Early patenting and high-quality research publications facilitate science commercialization through university spin-offs2,4,23. We find evidence of Hansen engaging in the entrepreneurial capability of claiming and protecting the invention through two relevant patents filed by Hansen and his colleagues in 2010, two years before firm formation24,25 and ten years before they were utilized in rapidly responding to COVID-19. We also identified early papers in high quality journals, written by Hansen and his colleagues26,27 up to seven years before firm formation (Fig. 1): these papers are evidence of the progression of AbCellera’s technical capabilities. These capabilities and intellectual property signalled credibility and facilitated fundraising and partnerships, which were leveraged to develop bamlanivimab in 90 days, while traditional drug discovery and commercialization can stretch up to 20 years28.
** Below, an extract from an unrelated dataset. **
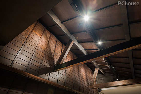屋舍内部前段挑高,使足步由阔至窄有如探幽,错落悬挂的长灯笼便成为引路灯,引人驱身向前同时目光环视——天幕由深胡桃色木材排闼构筑斜顶,顺势框塑裸露而出的朴素砖面,将视线凝聚于题有业主品牌名称的纸伞老件,使看似无奇的过门,也成为宣告时空转换的仪式。

Mentoring is critical for scientist–entrepreneurs4,29, and we find evidence of entrepreneurial mentoring both pre-formation as well as post-formation. Hansen was initially mentored by Prof. Stephen Quake (and his key collaborators at Fluidigm, who pioneered the development of microfluidics instrumentation for biological research) during his PhD at the California Institute of Technology. As a faculty member at UBC, Hansen maintained collaborative research agreements with Fluidigm. Relatedly, Lineage Biosciences’ Ig-SEQ technology was co-developed by Stephen Quake, suggesting that AbCellera was familiar with the platform prior to acquiring it, de-risking the purchase. Crucially, Hansen also mentored graduate students and post-doctoral fellows from his research lab, who became co-founders and early employees of AbCellera. Former Hansen lab members Veronique Lecault, Kevin Heyries and Kathleen Lisaingo have grown into senior leadership positions at AbCellera. Such scientific and entrepreneurial mentoring allowed Hansen to leverage the existing trust among his former lab members to drive highly coordinated and fast decision-making at AbCellera, thus enabling rapid pandemic response.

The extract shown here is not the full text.